О войне

Война… Жестокое и страшное слово. Два раза при жизни одного поколения ужасающим шквалом проносилась она по Земле. Вот уже двадцать, сорок, семьдесят лет и больше нет большой войны, но постоянно в разных уголках планеты тлеют ее угольки, то как бы присыпанные пеплом, то раскаленные до жара.

Я родился в самый день Победы и, как теперь почти уже весь народ, представляю ее по книгам и кинофильмам, воспоминаниях ее участников и современников, которых, увы, остается все меньше и меньше. Есть  деревни, где их нет уже давно.

Я помню, еще в школе, в младших классах ребятишки баловались на перемене. Это делалось и делается всегда, но в тот момент несколько мальчишек рисовали мелом на ладони фашистский крест и припечатывали его к плечу или спине пробегавших мимо соучеников и вскоре были отмечены почти все. Это, само собой, озорная забава была безо всякого умысла, просто недавно показали кинокартину про нашего разведчика, как его наградили фашисты. Из учительской вышел по нашим понятиям старый уже учитель, вел он географию. Он глянул в коридор, остановился и побледнел, хотел что-то сказать, но у него только пискнуло в горле. Затем он откашлялся и с неожиданной злобой заговорил: — Негодяи, знали бы вы, что этот знак означает. Сейчас же сотрите эту гадость, — подскочил, и поймав какого-то мальчишку, стал хлопать его по спине и от всей его фигуры, от интонации, от движений ну прямо таки струилось, исходило нетерпение и мука и это сразу  почувствовалось. Ребята сразу притихли и начали очищаться.

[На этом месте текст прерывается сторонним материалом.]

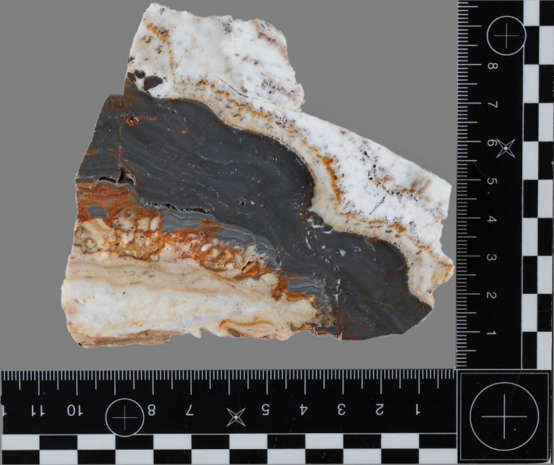 Figure 2 : Échantillon de minéralisation présentant un rubanement rythmique typique. La zone noire est composée de pyrite à grains très fins. Cet échantillon libre a été trouvé sur le site et sera envoyé pour analyse.

Будучи постарше, помню такой момент. Выступал в актовом зале перед школьниками один ветеран, участник войны. Был какой-то торжественный вечер, концерт школьной самодеятельности и в программе было выступление фронтовика. Он не умел красиво рассказывать, коряво складывал фразы, потел, волновался и мучился от своего неумения. Хлопали ему здорово, но когда он сошел со сцены и отправился в коридор покурить, кто-то там ему заметил: — И чего это все про войну рассказывают?Надоело. Было и прошло. Забыли бы и дело с концом. Жизнь-то теперь другая. — Фронтовик закряхтел, неловко затоптался на месте, бросил папиросу:

— Ты, парень, неладно судишь.Ты это, того, неправильно так-то. — Он страдальчески морщился и отрицательно качал головой. — Ежли бы батька твой, к примеру, слышал. Ты что уж так-то, никак нельзя. — Мальчишку оттеснили, как-то извинялись, но возникшую неловкость уже невозможно было замять. Расстроился тогда этот фронтовик уж не знаю как, и даже спустя многие годы эта неловкость ощущается.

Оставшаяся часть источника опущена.